The murder victim is head file clerk, Mr. Chindle, an odious man hardly well liked and little respected. His daily battle with the majority of women who make up the filing team is aggravated by his misogyny, foul breath and rank body odor. He had habit of undermining everyone, eavesdropping on conversations and committing petty thefts in order to cover his debts incurred as the result of addictive gambling and extravagant bets on long shots at the horse races. The day of the murder a pearl necklace belonging to June Banbrugh, the most recently hired file clerk, goes missing. It’s no surprise when he is found with his head bashed in from a fire escape ladder that apparently became accidentally dislodged from its hinged mount.  The pearl necklace turns up in Chindle's pocket.

Inspector Julian Rivers investigates the apparent accident and immediately suspects that the ladder was tampered with. An elevator near the fire escape ladder has proven to have an eccentric mechanical flaw. Passengers can hit the “Stop” button and cause the car to change direction from up to down, and vice versa. Rivers begins to imagine that the elevator may have been employed to create a death trap. As the case progresses he will find numerous bits of evidence to support his theory and the case begins to look more and more like deliberate murder.
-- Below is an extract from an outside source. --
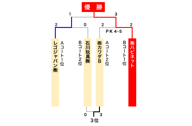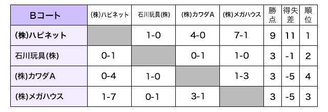 勝ち点が同一の場合は得失点差・総得点・直接対決の勝敗、ジャンケンの順で決めます。
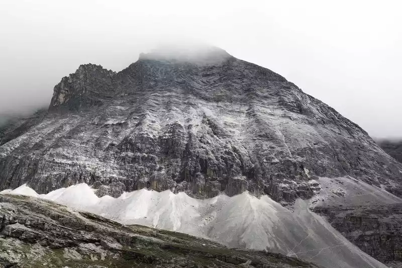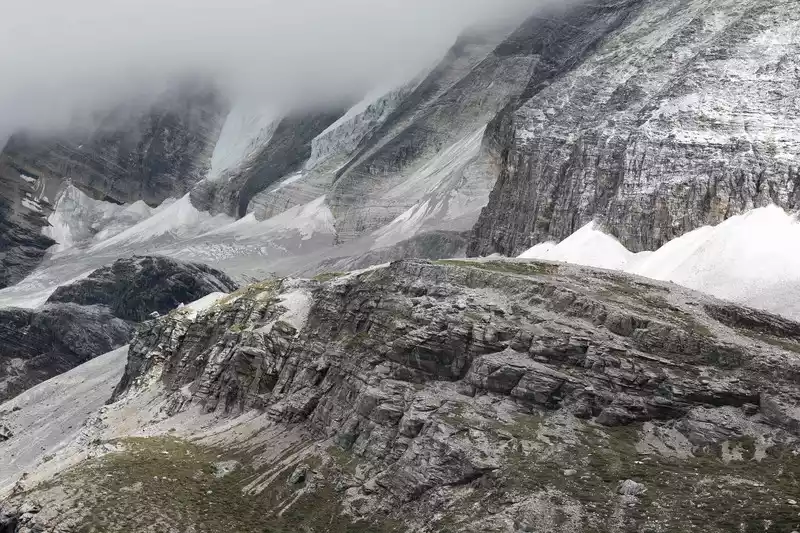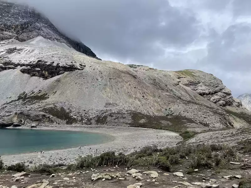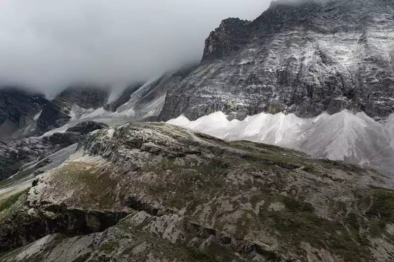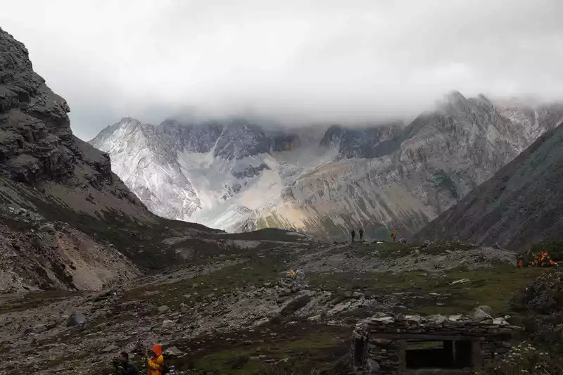 On the way up the mountain, it began to rain heavily, although there has been rain on the road, but it won't be long before it will stop, but this time, when we reached the Sacrifice Cliff, the rain began to fall hugely, the wind was particularly strong, and the body began to become stiff, coupled with the wet shoes, it was already a little hypothermic in the initial state, I asked my girlfriend, my girlfriend was not in a good state, fortunately, we wore jackets and mountaineering socks, here it is strongly recommended that these two things must be brought for mountaineering! On the way to continue to rise, the two of us walked very fast, and it would be very cold if we stopped, and the thin down jacket I wore that day was already red from the cold when I took my hand out of my pocket. There was a fork in the road near the end, and a shelter was built next to the fork, and we could see that everyone was here to keep warm, and we also struggled to squeeze in and rest for a while. You can see that everyone's face is tired and anxious, which is completely different from the overall state at the foot of the mountain, presumably everyone is in the same state as we are now, cold and tired, you must know that there is no backup at the top of the mountain, although the mood has become a little heavy, fortunately, there is still a kilometer behind, we have almost recovered in the cabin, so we continue to move forward. Not long after walking, I suddenly saw the milk lake, and I didn't dare to confirm it, so I trotted two steps, excitedly called my girlfriend to come and see, and she also ran excitedly, but we both began to lack oxygen, took two breaths of oxygen, and immediately "lived".

Mechanics and gadgetry are the fascination of this plot. In addition to the fire escape ladder used as a murder weapon and the odd elevator that can change direction in mid-journey there is a telephone system with poorly installed wiring that allows people to pick up extensions and listen in on conversations. Entire chapters are devoted to Rivers and his police crew monkeying with the ladder in a variety of experiments to see how it falls, investigating the elevator shafts and making various phone calls to find out which lines are affected by the wiring and acoustical anomalies. I enjoyed Julian Rivers a lot more than Rivet’s other policemen Inspector Macdonald who appears in her detective novels written as “E. C. R. Lorac”. Rivers has a slightly more lively personality, exhibits a sense of humor ("Aren't you [fond of bed]?  I am. I was born lazy") and often is smiling at various stages in the story. In contrast I’ve always remembered Macdonald as dour and uninteresting, a personality-less cipher.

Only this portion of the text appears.